A place for passion and ideas

Student Noah Ankar with Henry Beckman, a Loretto, Tennessee craftsman, in his home.

Every year, students present their class projects to the Appalachian Regional Commission as part of a symposium held in Washington, DC. Ezzell is known for wearing a UT orange blazer and matching shoes to the event.

“The passion’s very clear,” Wood says. “Who else wears that much orange?”

Due to COVID-19 restrictions, this year students from all participating universities will present online November 13 and 14. Ezzell’s class is hoping to have its wastewater results by then.

Students added two other elements to their work in Loretto. They are exploring the potential for a telehealth kiosk for residents to get basic services without risking virus exposure. With a $5,000 grant provided by the Appalachian Regional Commission, they also hope to create an outdoor study space beside the city’s public library, a project that is likely to happen in the spring.

Kostas Skordas, director of research and evaluation for the ARC, has worked with Ezzell and his students since 2002.

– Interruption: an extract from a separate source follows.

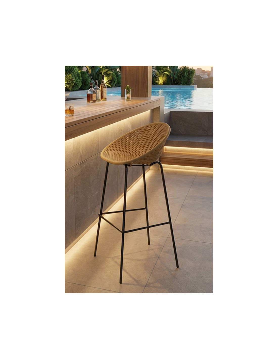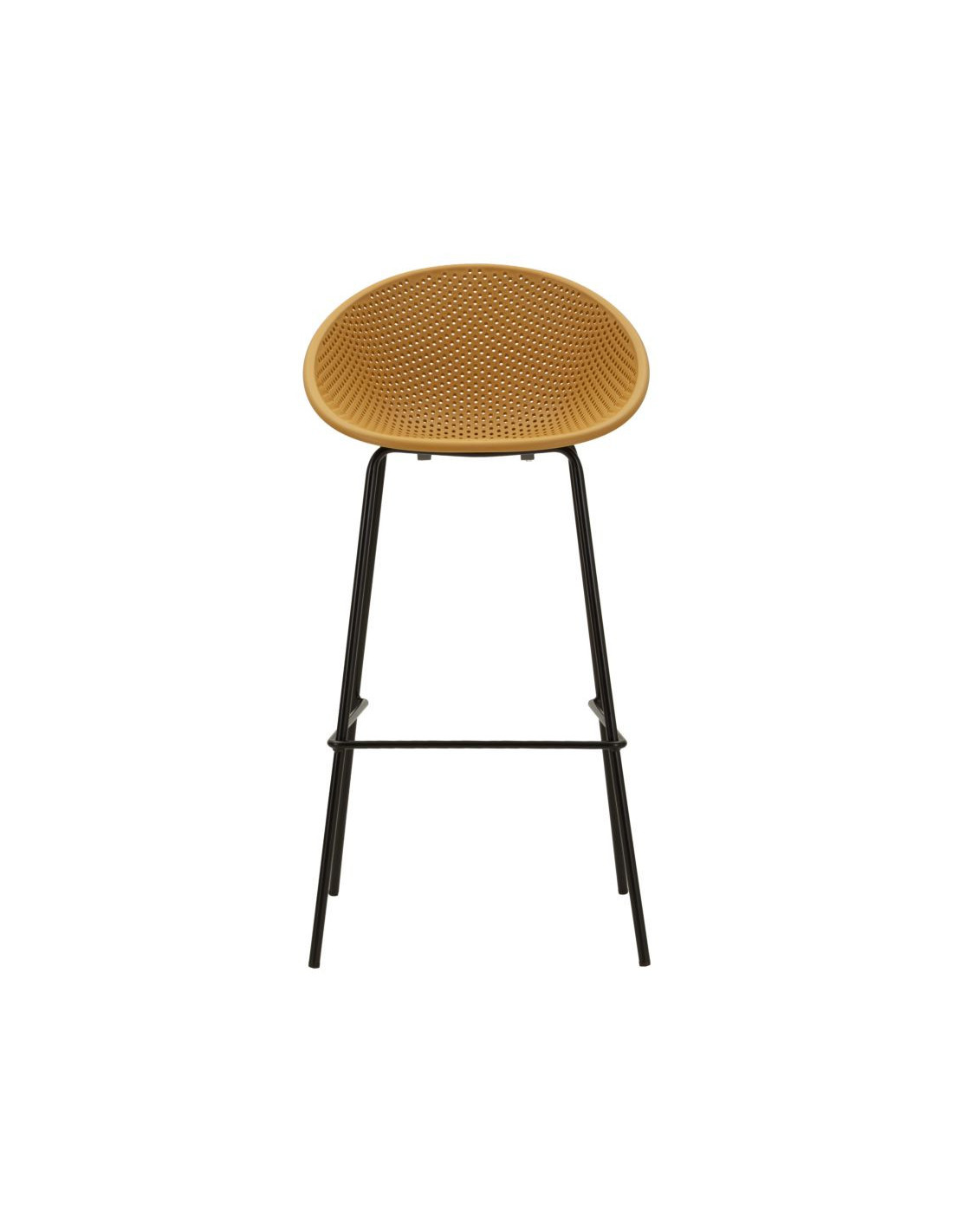Lot de 2 Tabourets de bar design Plastique Jaune moutarde Métal Noir Ibiza

Garland, R.T. McBride, and Ankar outside Corner Coffee Shop in Loretto, Tennessee.

“From the beginning, Tim’s work has been in rural economically distressed communities,” says Skordas. “In addition to teaching students vital skills, he’s building capacity at the local level. It’s a consistent theme of his work.”

The ARC also partners with Ezzell for the Appalachian Leadership Institute, which welcomed 40 new fellows from 13 states last month for its nine-month program. In 2017, the commission awarded Ezzell and researchers in UT’s Department of Retail, Hospitality, and Tourism Management a $200,000 grant to study tourism and business development in the region. It is the largest and most comprehensive study of tourism ever conducted by the commission, with results expected to be published before the end of 2020.

Ezzell, a native of East Ridge, Tennessee, never expected so much of his career to be defined by service to Appalachia. It was a need he chose to meet. The impact has now stretched over two decades into dozens of communities. It has left an impression on students like Wood and Peeler, who continue the work in their own spaces, as well as those like Urias who are just now encountering Ezzell’s work in the region.

“Going out and seeing these places, meeting the people, gives students an experience they just can’t capture reading a book in a classroom,” Ezzell says. “I can’t teach you how to make a connection. I can’t teach you to read a room. But I can put you in a place where you can use your passion and your ideas to make a real difference in the lives of real people.”